Another study conducted by Singh found that silibinin, a favonol compound present in the extract of milk thistle plant and artichoke, is very good at generating anti-oxidant activity and is being explored for a broad spectrum of anti-cancer properties. "Compared to Vitamin E, silibinin has ten times more antioxidant activity. It is a wellknown hepato-protective agent, used clinically in many countries of the European Union as well as in India, " he adds.

To understand the efficacy of the compound, the JNU team tested it on transgenic mice. "Our studies show that dietary silibinin strongly inhibits the growth and progression of prostate cancer in transgenic adeno carcinoma of the mouse prostate. Based on these studies, silibinin is currently under phase II clinical trial to study its chemopreventive efficacy against human prostate cancer, " says Rana. The JNU Cancer Biology Group is collaborating with scientists at the University of Colorado on these studies.

The plant chemistry lab at Delhi University has also recently found that flavonoids rich in antioxidants could possible protect the body against the effects of radiation. "In our lab we found that many polyphenolic compounds recently isolated from important medicinal plants such as Thymus vulgaris (ajwain), Mangifera indica (mango), Acacia catechu (kattha) and Carissa carrandus (karaunda) are good antioxidants and radio protectors even at 1?m-5 ?m concentration in vitro. The Delhi University team is collaborating with researchers at ENEA Casaaccia Research Center in Italy on such studies, " says professor Subhash Chand Jain of Delhi University.

Explaining the role of flavonoids in cancer therapy, Jain says: "One of the main causes of diseases such as cancer, diabetes, Alzheimer's or Parkinson's is oxidative stress, which is aggravated when a balance between Reactive Oxygen Species production and antioxidant is disturbed. The production of these species is kept under control by taking antioxidants such as flavonoids in our daily diet. "

However, most of these studies have indicated that antioxidants are more effective in prevention of the disease rather than curing it when it is at a well established stage.

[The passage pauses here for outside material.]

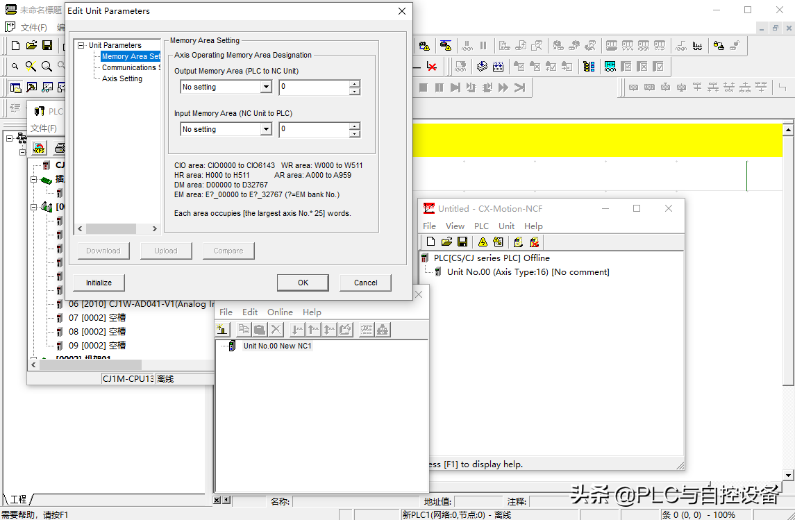 对于总线单元“CJ1W-NCF”,右击它,选择“启动专用的应用程序”→“继承设定启动”,将调出NCF单元专用设定软件“CX-Motion-NCF”。

Independent experts agree that flavanoids contain anti-cancer properties, but say more research needs to be done in this area. "As of now, we believe it would be beneficial to make our diet as colourful as possible and eat a variety of vegetables and fruits, especially berries. We should not eat the same food every day. Many fruits and vegetables contain flavonoids that have antioxidant activity and are therefore good for health, " says Dr Anthony Pais, oncologist at the Narayana Hrudalaya Mazumdar Shaw Cancer Centre in Bangalore.